▶ _What the task asks_
Would you transcribe exactly the lines from the one containing "국무조정실 산하 국책연구기관인" to the last line of the data below, both ends included, but none of the pictures?

▶ _Supplied entries_
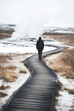 Man walking on a wooden boardwalk in Iceland in cold winter.
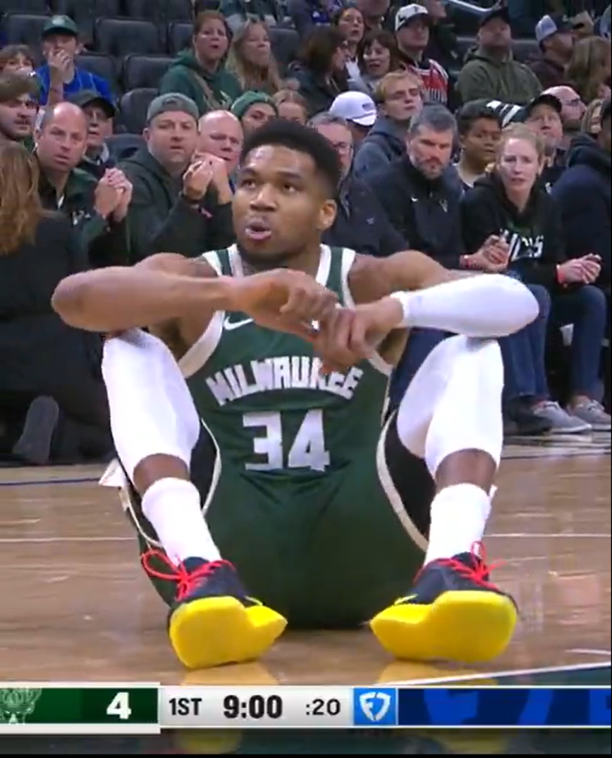После одной из атак в начале первой четверти Яннис возвращался в защиту, но, находясь в штрафной соперника, вскрикнул, упав на паркет, и схватился за икроножную мышцу. Яннис выругался на греческом и покинул паркет хромая.
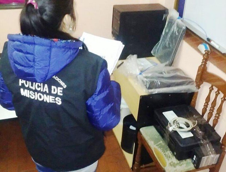 La Dirección de Investigaciones Complejas (Policía de Misiones) allanó una vivienda en Parque Adam, sita en la calle Misiones, por orden del juzgado de Instrucción Nº 7 de Posadas a raíz de un exhorto del Juzgado de la localidad correntina de Ituzaingó donde se originó la investigación de la causa.En el marco del procedimiento los investigadores secuestraron en el inmueble tres notebooks, una impresora multifunción, una CPU marca Súper Power y documentos relacionados al hecho que se investiga.
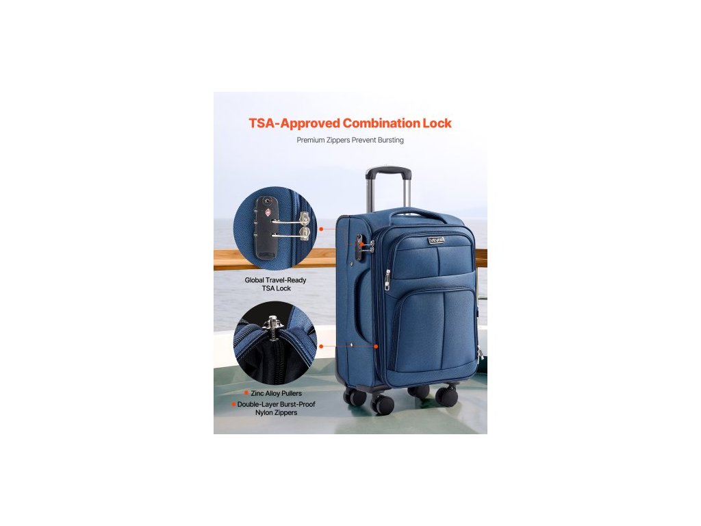 Velikost zavazadla: 20" Barva: Modrá Rozšiřitelné: Rozšiřující klínek na zip Číslo modelu položky: NL018 Rozměry produktu (D x Š x V): 15,75 x 11,22 x 24,41" / 400 x 285 x 620 mm Čistá hmotnost: 7,03 lbs / 3,19 kg Hlavní materiál: Keprová oxfordská tkanina, Zámek: TSA zámek
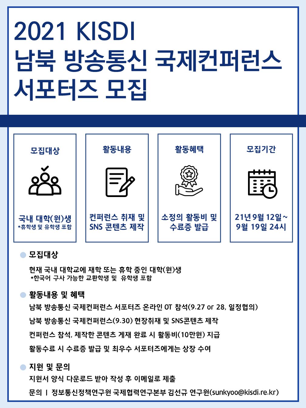 국무조정실 산하 국책연구기관인 정보통신정책연구원(KISDI)에서 <남북 방송통신 국제컨퍼런스 서포터즈>를 모집합니다.
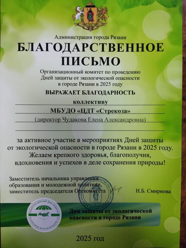 25 сентября 2025 года состоялась конференция «Дни защиты от экологической опасности», на которой коллектив ЦДТ «Стрекоза» был отмечен благодарственным письмом организационного комитета.

▶ _Exercise answer_
 국무조정실 산하 국책연구기관인 정보통신정책연구원(KISDI)에서 <남북 방송통신 국제컨퍼런스 서포터즈>를 모집합니다.
 25 сентября 2025 года состоялась конференция «Дни защиты от экологической опасности», на которой коллектив ЦДТ «Стрекоза» был отмечен благодарственным письмом организационного комитета.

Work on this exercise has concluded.